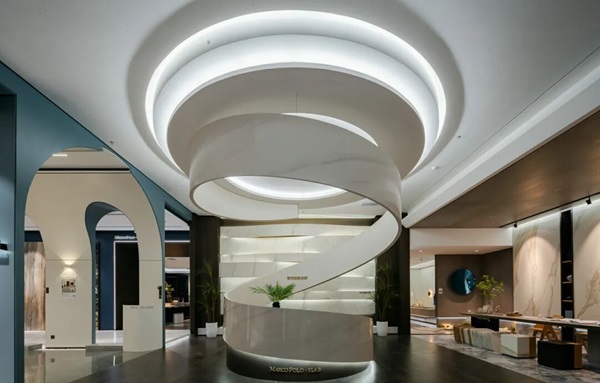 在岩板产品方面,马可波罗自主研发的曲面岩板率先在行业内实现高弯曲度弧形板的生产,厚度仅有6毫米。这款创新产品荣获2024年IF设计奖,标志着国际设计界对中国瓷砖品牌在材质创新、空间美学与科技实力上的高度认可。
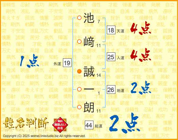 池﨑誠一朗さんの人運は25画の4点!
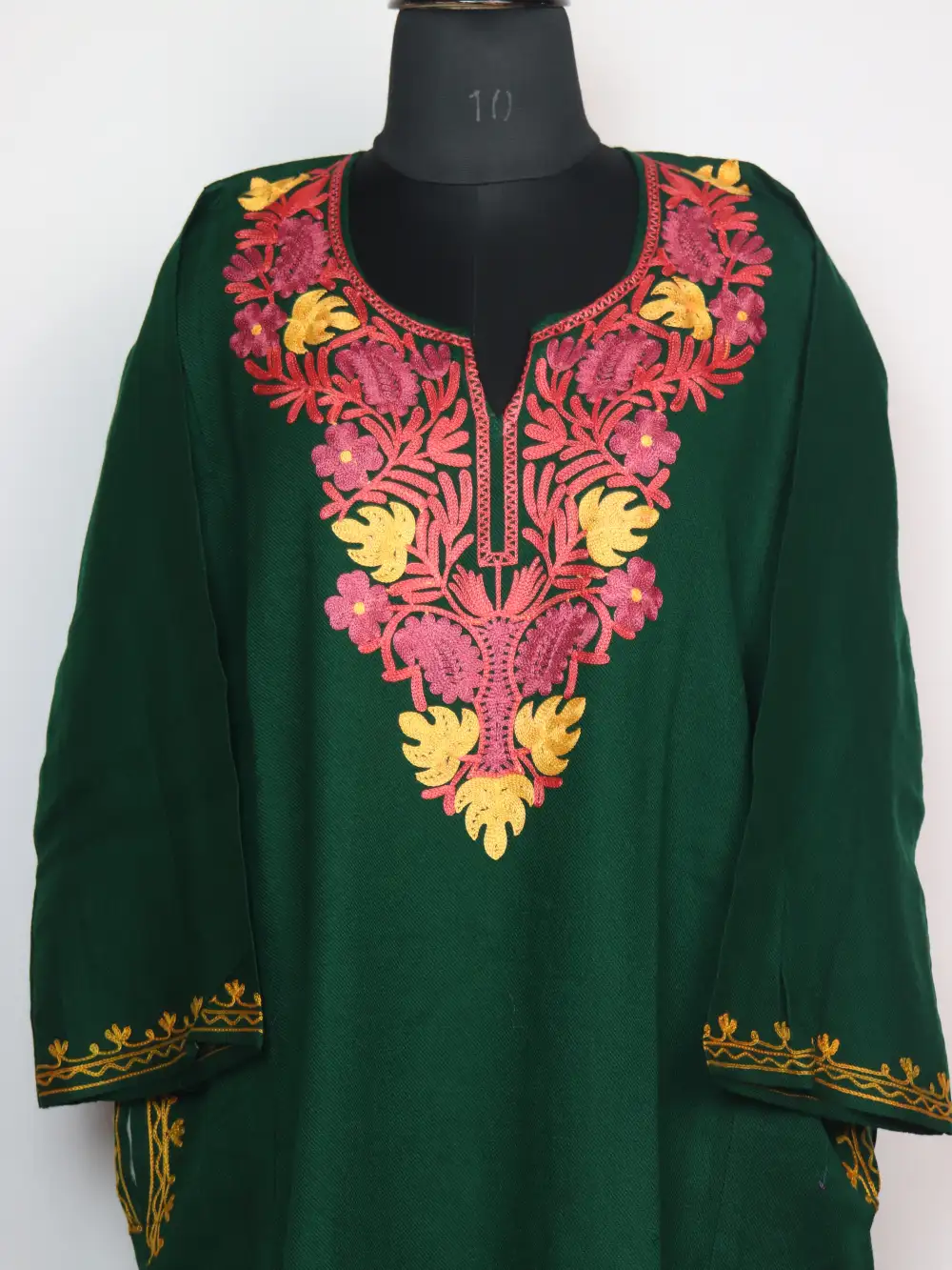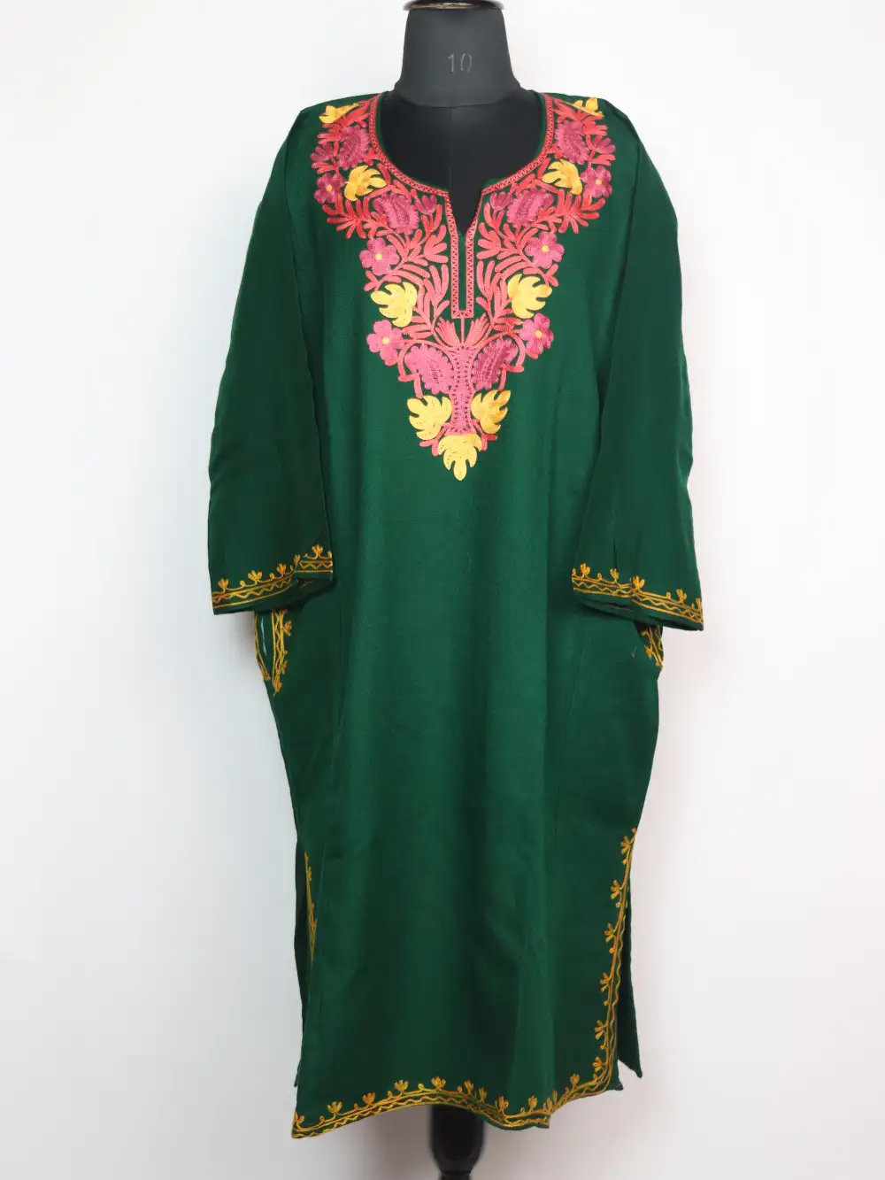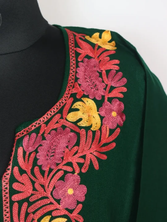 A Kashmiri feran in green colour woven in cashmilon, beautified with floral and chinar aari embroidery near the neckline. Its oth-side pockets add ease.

——

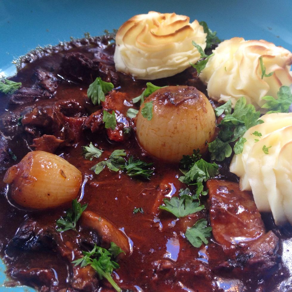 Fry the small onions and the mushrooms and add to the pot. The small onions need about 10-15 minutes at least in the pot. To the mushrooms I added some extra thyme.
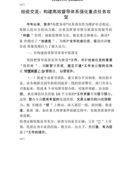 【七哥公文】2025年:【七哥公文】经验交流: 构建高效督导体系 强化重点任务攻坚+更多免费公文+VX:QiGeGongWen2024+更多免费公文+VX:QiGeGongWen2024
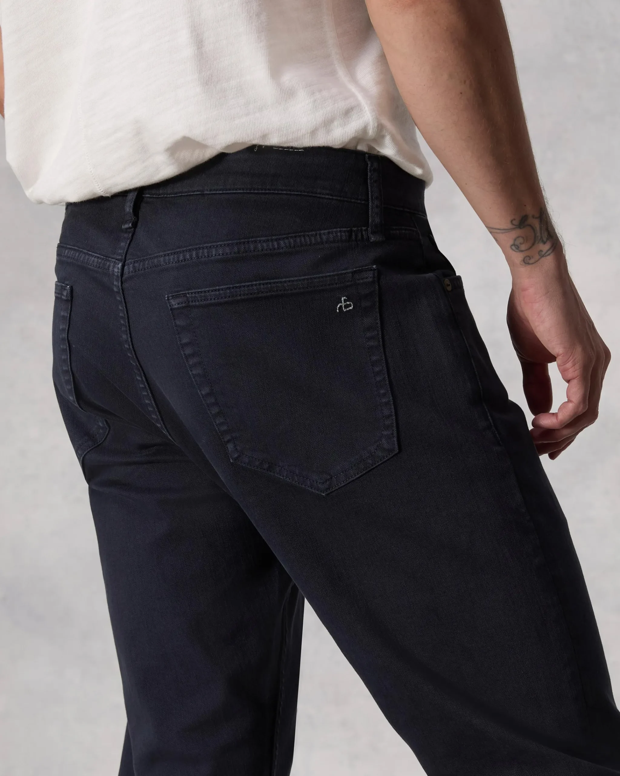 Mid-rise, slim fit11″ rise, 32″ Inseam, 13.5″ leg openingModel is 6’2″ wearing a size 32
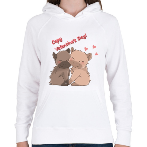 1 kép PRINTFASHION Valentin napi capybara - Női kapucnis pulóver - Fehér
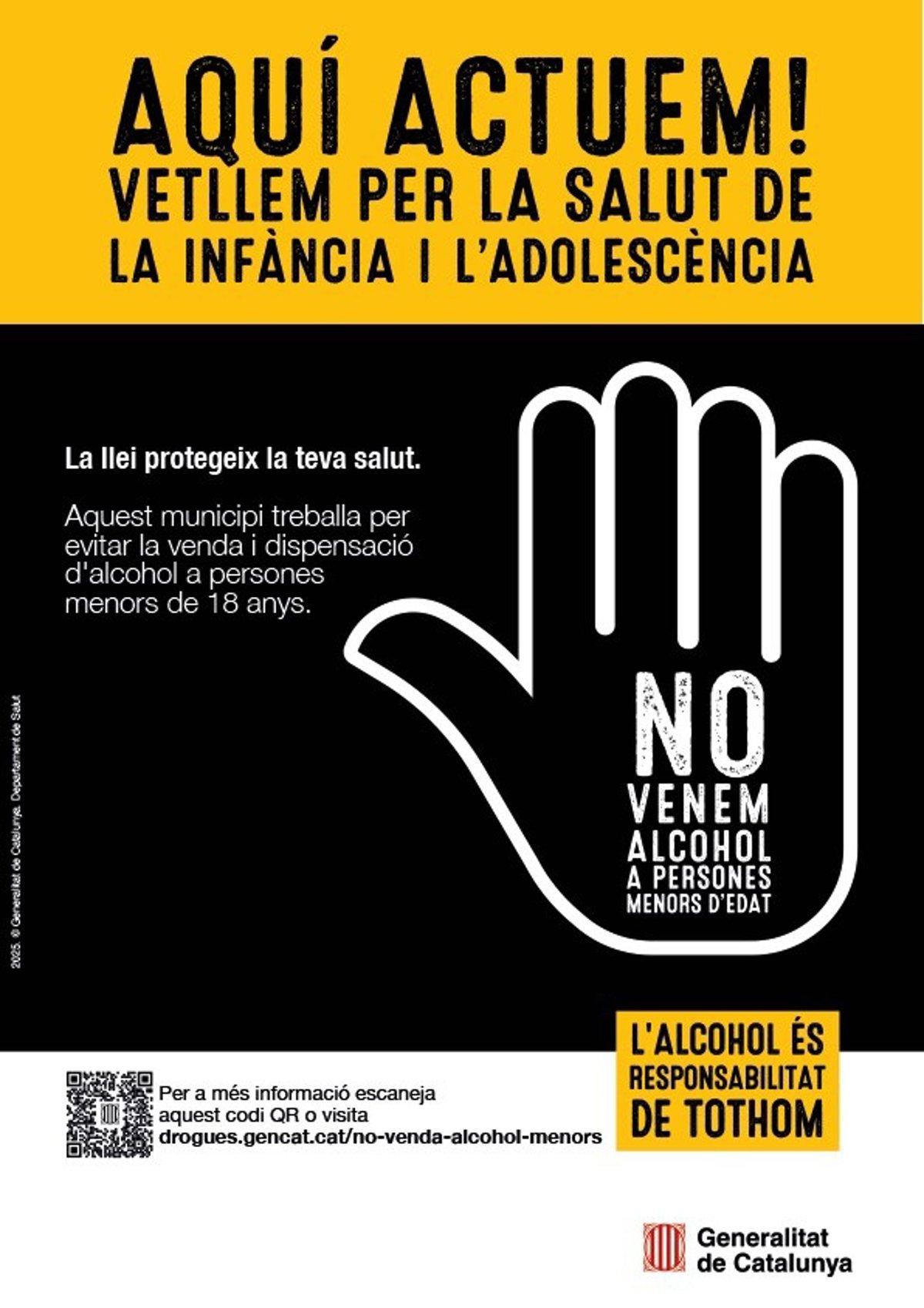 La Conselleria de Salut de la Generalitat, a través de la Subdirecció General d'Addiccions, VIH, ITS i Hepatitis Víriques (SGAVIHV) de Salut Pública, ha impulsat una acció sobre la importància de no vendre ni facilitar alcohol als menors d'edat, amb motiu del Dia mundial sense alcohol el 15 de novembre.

——

## What to work on
Print, exactly, each line above from the one with "1 kép PRINTFASHION" to the one with "La Conselleria de", end lines included. Leave pictures out of it.

## Output
 1 kép PRINTFASHION Valentin napi capybara - Női kapucnis pulóver - Fehér
 La Conselleria de Salut de la Generalitat, a través de la Subdirecció General d'Addiccions, VIH, ITS i Hepatitis Víriques (SGAVIHV) de Salut Pública, ha impulsat una acció sobre la importància de no vendre ni facilitar alcohol als menors d'edat, amb motiu del Dia mundial sense alcohol el 15 de novembre.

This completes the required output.